Data provided –
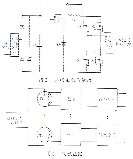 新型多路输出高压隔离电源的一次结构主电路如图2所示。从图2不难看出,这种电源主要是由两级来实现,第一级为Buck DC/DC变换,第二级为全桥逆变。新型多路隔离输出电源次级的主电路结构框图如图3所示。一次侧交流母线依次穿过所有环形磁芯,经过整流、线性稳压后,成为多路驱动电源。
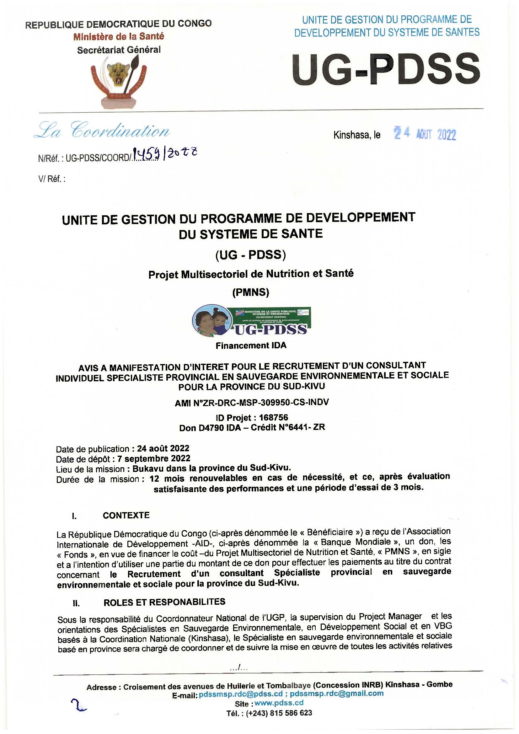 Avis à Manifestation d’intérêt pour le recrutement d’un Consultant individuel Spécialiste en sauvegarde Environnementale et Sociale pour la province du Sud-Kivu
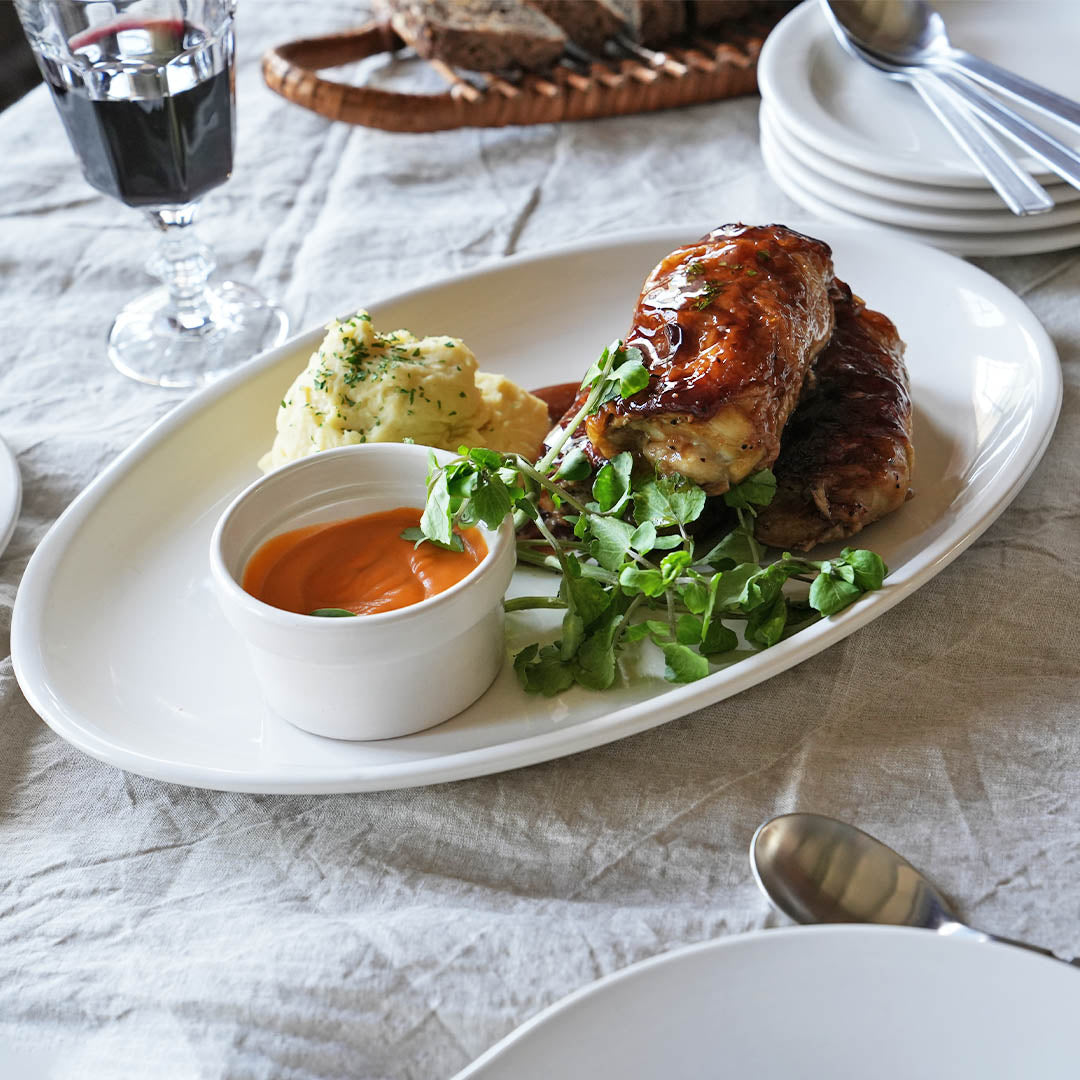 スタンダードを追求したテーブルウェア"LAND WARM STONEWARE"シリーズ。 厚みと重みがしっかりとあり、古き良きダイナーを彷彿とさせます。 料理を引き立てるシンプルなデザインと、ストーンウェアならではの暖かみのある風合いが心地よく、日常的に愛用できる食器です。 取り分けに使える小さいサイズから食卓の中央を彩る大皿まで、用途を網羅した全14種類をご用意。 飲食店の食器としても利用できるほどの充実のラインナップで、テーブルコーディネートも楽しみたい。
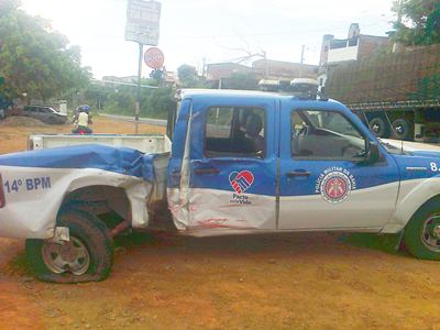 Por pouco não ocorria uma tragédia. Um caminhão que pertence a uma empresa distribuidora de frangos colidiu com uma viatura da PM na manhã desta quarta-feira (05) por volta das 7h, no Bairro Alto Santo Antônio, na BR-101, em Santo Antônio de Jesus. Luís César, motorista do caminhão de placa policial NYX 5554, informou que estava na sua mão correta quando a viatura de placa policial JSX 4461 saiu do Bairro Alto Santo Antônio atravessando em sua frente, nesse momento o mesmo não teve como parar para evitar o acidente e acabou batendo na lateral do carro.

Task objective –
Your task is to reproduce all of the material exactly. The pictures stay out.

Output below –
 新型多路输出高压隔离电源的一次结构主电路如图2所示。从图2不难看出,这种电源主要是由两级来实现,第一级为Buck DC/DC变换,第二级为全桥逆变。新型多路隔离输出电源次级的主电路结构框图如图3所示。一次侧交流母线依次穿过所有环形磁芯,经过整流、线性稳压后,成为多路驱动电源。
 Avis à Manifestation d’intérêt pour le recrutement d’un Consultant individuel Spécialiste en sauvegarde Environnementale et Sociale pour la province du Sud-Kivu
 スタンダードを追求したテーブルウェア"LAND WARM STONEWARE"シリーズ。 厚みと重みがしっかりとあり、古き良きダイナーを彷彿とさせます。 料理を引き立てるシンプルなデザインと、ストーンウェアならではの暖かみのある風合いが心地よく、日常的に愛用できる食器です。 取り分けに使える小さいサイズから食卓の中央を彩る大皿まで、用途を網羅した全14種類をご用意。 飲食店の食器としても利用できるほどの充実のラインナップで、テーブルコーディネートも楽しみたい。
 Por pouco não ocorria uma tragédia. Um caminhão que pertence a uma empresa distribuidora de frangos colidiu com uma viatura da PM na manhã desta quarta-feira (05) por volta das 7h, no Bairro Alto Santo Antônio, na BR-101, em Santo Antônio de Jesus. Luís César, motorista do caminhão de placa policial NYX 5554, informou que estava na sua mão correta quando a viatura de placa policial JSX 4461 saiu do Bairro Alto Santo Antônio atravessando em sua frente, nesse momento o mesmo não teve como parar para evitar o acidente e acabou batendo na lateral do carro.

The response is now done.